The organisation - organizations forming the project program of the Getty Center in Los Angeles, CA
Architectural Review, The, Feb, 1998 by Ivor Richards
'In my opinion, an individual without any love of the arts cannot be considered completely civilized. At the same time, it is extremely difficult, and sometimes impossible, to interest people in works of art unless they can see them and know something about them.' J. Paul Getty, 1965
These remarks are the foundation of both the Getty Center as a whole, and the J. Paul Getty Museum that it now houses. In addition five other programmes, which focus on scholarship, conservation and education, occupy the other buildings within the hilltop citadel. Within the overall complex, the distinct and different forms of the museum, clustered around its courtyard, and the Getty Research Institute for the History of Art and the Humanities, are the two major elements from which the design springs.
Both the original museum, in Getty's own Ranch House (circa 1952), and the later Roman Villa Museum (circa 1974), are sited in Malibu, and in common with Richard Meier's Getty Center (1997) in Brentwood, have vistas over the Pacific Ocean. Of these, the spectacular prospects of the latter are the crowning magnificence uniting art, nature and the city of Los Angeles.

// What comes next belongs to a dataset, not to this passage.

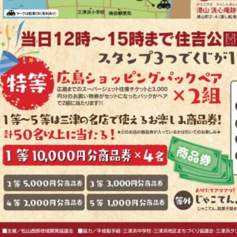 スタンプ3つでひける、空くじなしのくじ引きの特賞は広島ショッピングパックペア!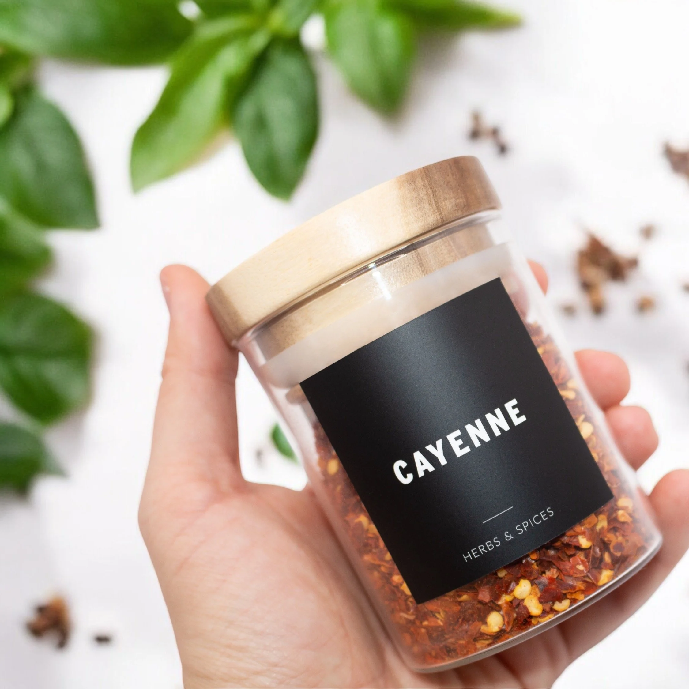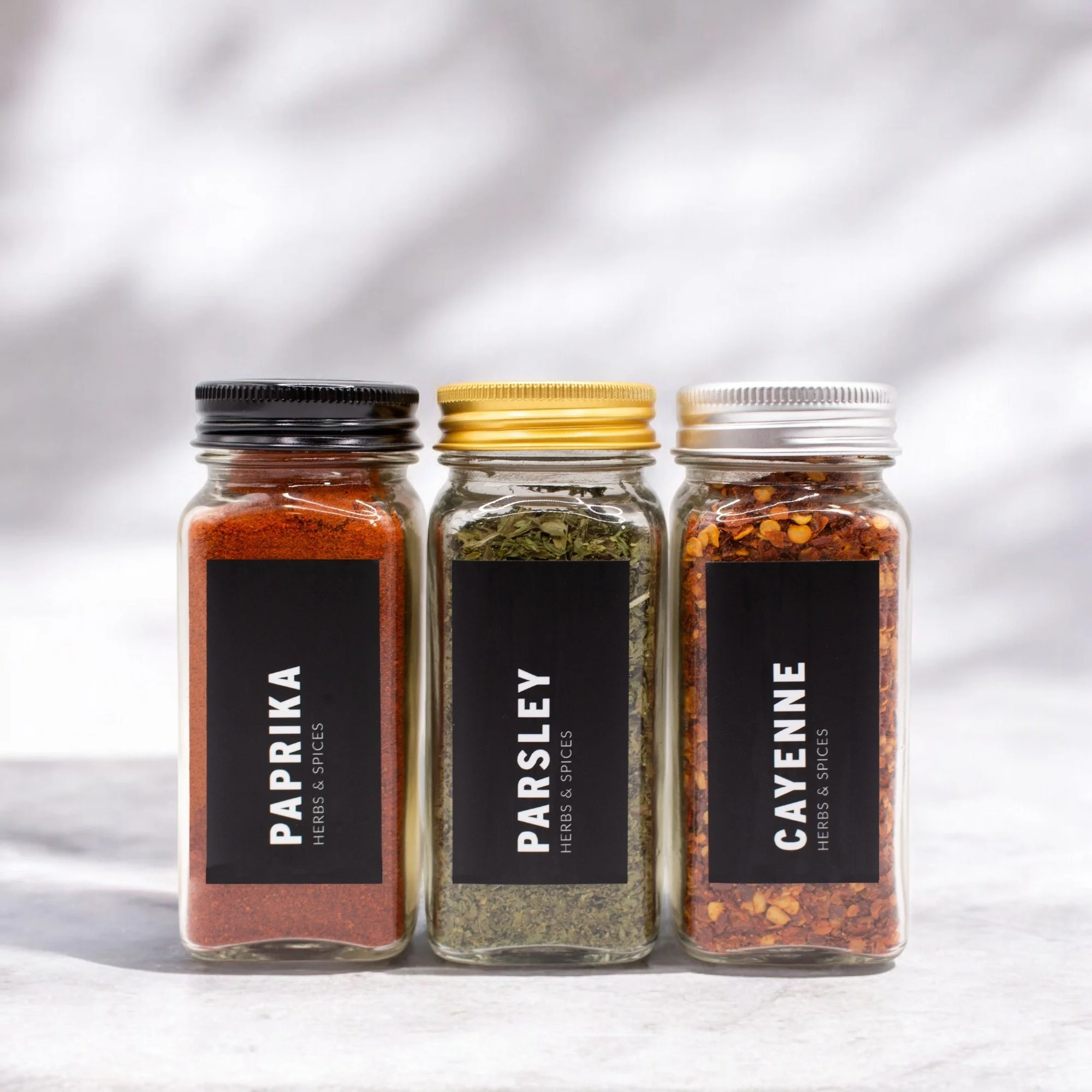 Disponibles avec ou sans étiquettes autocollantes en vinyle résistant à l'eau, nos étiquettes vous permettent d'identifier rapidement et facilement chaque épice.

John Walsh, director of the Getty Museum, explains in his introduction to the Getty collections - which now include antiquities, manuscripts, paintings, drawings, decorative arts, sculpture and works of art and photographs- the unparalleled expansion and improvement in these artistic areas '... that could not have been imagined when [the Getty Ranch House Museum] first opened in 1954, or even when the [Roman] Villa building opened in 1974. Since the early 1980s, hundreds of important new works of art have been acquired in the areas of the museum's three traditional interests, antiquities, French furniture and decorative arts, and European paintings, and thousands more have been acquired to form four new collections ...', and Walsh concludes." ... The works of art ... were brought to Los Angeles for the joy and enlightenment of the public'.(1)
Mission statement
This great cultural, artistic and social mission would never have been possible without the fabulous wealth of J. Paul Getty: 'At his death in June 1976, Getty bequeathed four million shares of Getty Oil stock worth about $700 million to his museum (the Roman Villa in Malibu), leaving it to the trustees' discretion to decide how the legacy should best be used. Although the assets would be tied up in the courts for some time to come, the collections grew impressively in the first years after he died through the receipt of Getty's private collection from Sutton Place (in Surrey, England) and some purchases ... By April 1982, with the receipt of the proceeds of Getty's estate, the Trust already had begun to prepare for its transformation from a small museum into a visual arts institution of international significance. Realizing that the new income represented an unparalleled opportunity to expand upon Getty's initial vision, Harold Williams (appointed as President and Chief Executive Officer of the J. Paul Getty Trust in 1981) and the trustees moved to set up other organizations that could operate in tandem with the Getty Museum in furtherance of Getty's mandate for: "the diffusion of artistic and general knowledge"?
These organizations included the Getty Research Institute, the Getty Conservation Institute, the Getty Information Institute, the Getty Education Institute for the Arts and the Getty Grant Program. To this has been subsequently added the Getty Leaderships Institute for Museum Management.
With the Museum itself, these Institutes and Getty's vast bequest form respectively the project programme and funding source for the Getty Center, which Richard Meier designed and built over some 13 years between 1984 and 1997.
THE GETTY CENTER, LOS ANGELES, CALIFORNIA, USA ARCHITECT RICHARD MEIER & PARTNERS, ARCHITECTS
When Meier himself first assessed the likely timeframe as 10 years, he could not possibly have perceived that this project could take even longer and culminate at a global cost of $1 billion, the official Getty figure, in December 1997.
Apart from the magnificent museum galleries, with the museum director and staff, the two institutions that most support the art and scholarship are the Conservation Institute and the Research Institute, with their activities concentrated at the Getty Center, within the Meier citadel.
Vectors
In describing the creation of the architectural project in the documentary film, Concert of Wills: Making the Getty Center, Meier - actively drawing the initial site plans - first defined the very limited area of the site that could receive the buildings, by delineating the contour encirclement in red. He then drew what he defined as 'the two major vectors' arising from the two principal ridges of the land-form. One vector, or axis, is normal to the LA grid and carried the centre-line of the museums clustered on the periphery of their courtyard. The other vector, deflected 22 1/2 degrees from the north-south axis, carries the centroid of the Research Institute. This geometry and placement of the two major elements of form, creates a third - the fan form of external space which receives the terraced Italianate garden, of Meier's early projects, terminating in a colonnaded breezeway whose crucial geometrical line unites the west pavilion of the museum cluster, with the Scholars Pavilion of the Research Institute. This in turn was followed by an amphitheatre which echoed the lower arroyo.